Judge Michael A. Wolff, writing for the state Supreme Court majority, said the officer's tactic, would encourage future Miranda violations if found acceptable.

"Were police able to use this 'end run' around Miranda to secure the all-important 'breakthrough' admission, the requirement of a warning would be meaningless," Wolff wrote. "Officers would have no incentive to warn, knowing they could accomplish indirectly what they could not accomplish directly."

The court's other three Democratic appointees, judges Laura Denvir Stith, Richard B. Teitelman and Chief Justice Ronnie L. White, joined Wolff in the majority.

The Republican appointees -- judges Duane Benton, Stephen N. Limbaugh Jr. and William Ray Price Jr. -- dissented.

The minority opinion written by Benton claims the principal opinion ignored the binding precedent of Oregon v. Elstad, a post-Miranda U.S. Supreme Court decision.

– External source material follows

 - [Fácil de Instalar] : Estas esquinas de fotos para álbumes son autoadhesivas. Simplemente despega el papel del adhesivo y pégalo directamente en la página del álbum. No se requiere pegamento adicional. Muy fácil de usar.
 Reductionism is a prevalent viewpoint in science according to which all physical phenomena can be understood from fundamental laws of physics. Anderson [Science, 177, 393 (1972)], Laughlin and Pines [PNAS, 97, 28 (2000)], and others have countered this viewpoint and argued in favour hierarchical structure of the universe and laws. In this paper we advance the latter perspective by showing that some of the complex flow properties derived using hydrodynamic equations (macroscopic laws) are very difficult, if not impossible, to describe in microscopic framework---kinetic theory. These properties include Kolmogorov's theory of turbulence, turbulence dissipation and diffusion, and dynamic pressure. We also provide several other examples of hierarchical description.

The federal court ruled in Elstad that a suspect's responses to "unwarned yet uncoercive questioning" do not invalidate subsequent, voluntary statements given after a suspect has been informed of his or her rights.

Benton wrote that there was no evidence Seibert was coerced.

"On this record, there is substantial evidence that both the unwarned and warned statements were voluntary," Benton wrote. "Thus, under Elstad, the warned statement is admissible, as the trial judge ruled."

Swingle, the Cape Girardeau County prosecutor, said cases similar to Seibert's frequently arise in Missouri, and that law enforcement will welcome clear guidance on the issue from the federal court.

Although he believes the officer's tactic was constitutional, Swingle said promptly informing suspects of their rights lessens the likelihood of a confession being excluded.

"Generally, I tell officers it's always safer to read a suspect the Miranda warning right off the bat," Swingle said.